Итак, Воронов-Свияжский превратился в виленца, два дня беззаботно бродил по Старому городу, пытаясь проникнуться окружавшим средневеково-барочным духом. Сергей дышал внезапно явленной свободой, которая ни к чему не обязывала, совершенно не требуя выстраивать занудных линий поведения. Он стал в те дни вольным человеком. Намеренно заглянул в Доминиканский костел Святого Духа, так как слышал о его неземном интерьере. Случайно оказался в соседнем — францисканском монастыре, осмотрел с любопытством обветшалый собор и прилегающие готические строения.

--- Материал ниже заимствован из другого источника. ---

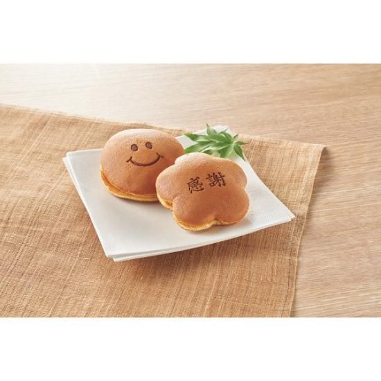 北海道産小豆、国内産小麦粉を使用した。ふっくら、しっとり、やわらか風味豊かなどら焼きになります。スマイルマークと梅型に感謝の焼印を押しました。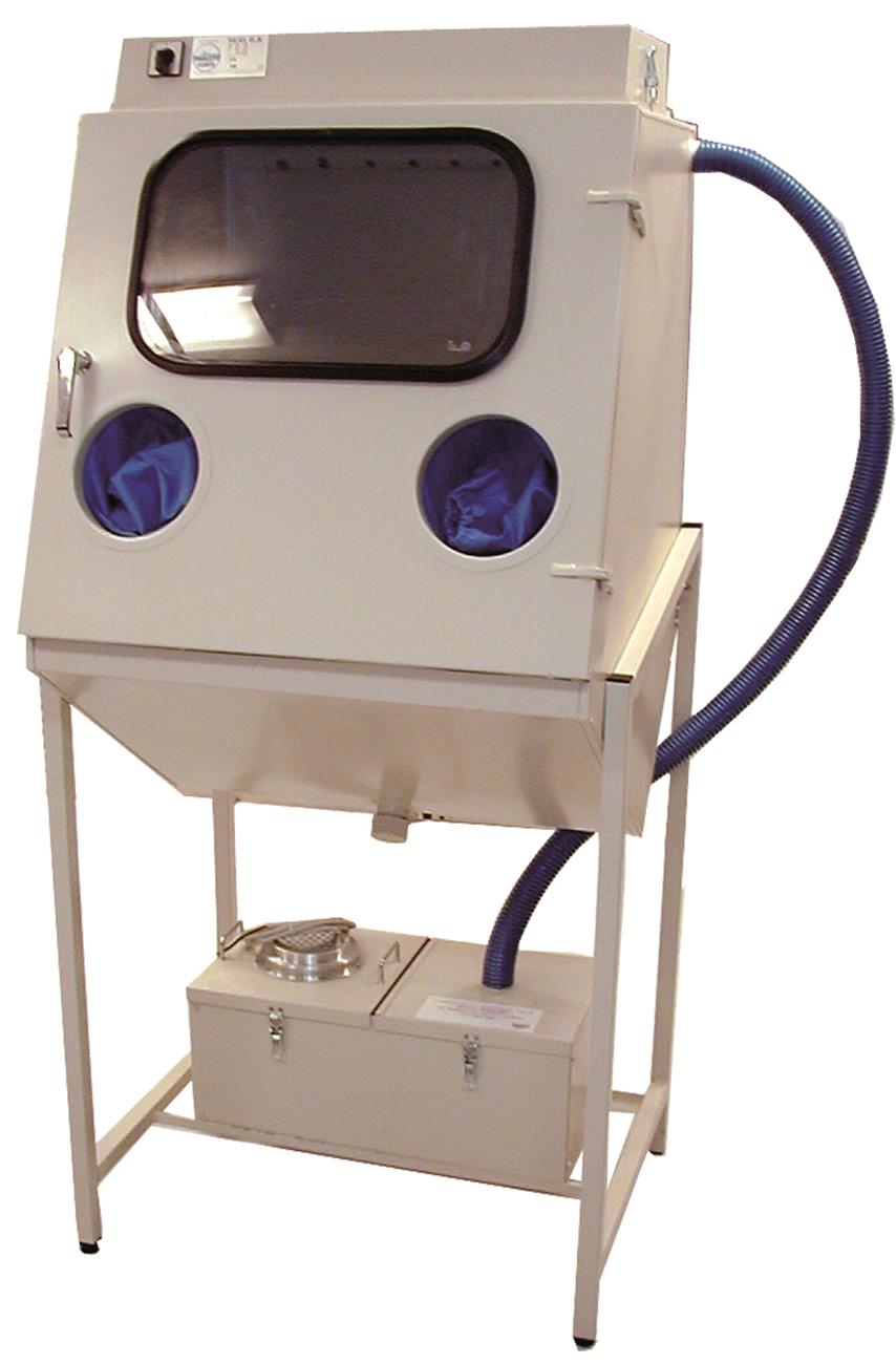 Modellen ILB 775 har stor frontlucka för lätt inlastning av gods som skall blästras. Modellen har stor siktruta av 4mm härdglas monterad i z-list för enkelt byte. Blästerpistolen är på 400/L Kabinen har stoftutsug monterat som standard bestående av ett Förfilter och ett Microfilter. Blästerkabinen kan enkelt placeras i vilken lokal som helst då man slipper externt utsug.

Посетил старейший в городе костел Святого Николая, что спрятался в укромном местечке, упреждая праздных зевак. Там же в крохотном скверике остановился в раздумье перед статуей Святого Христофора (небесном покровителе города) с ребенком Иисусом на плече. Пошастал по увитым плющом старинным университетским дворикам, потом прошел к сказочной Святой Анне и охранявшему малютку громадному Бернардинскому собору. Не будучи воцерковленным человеком, удосужился войти в просторный православный Пречистенский храм и поставить свечи за успех начатого дела и о здравии близких. Так, на всякий случай поставил, а вдруг…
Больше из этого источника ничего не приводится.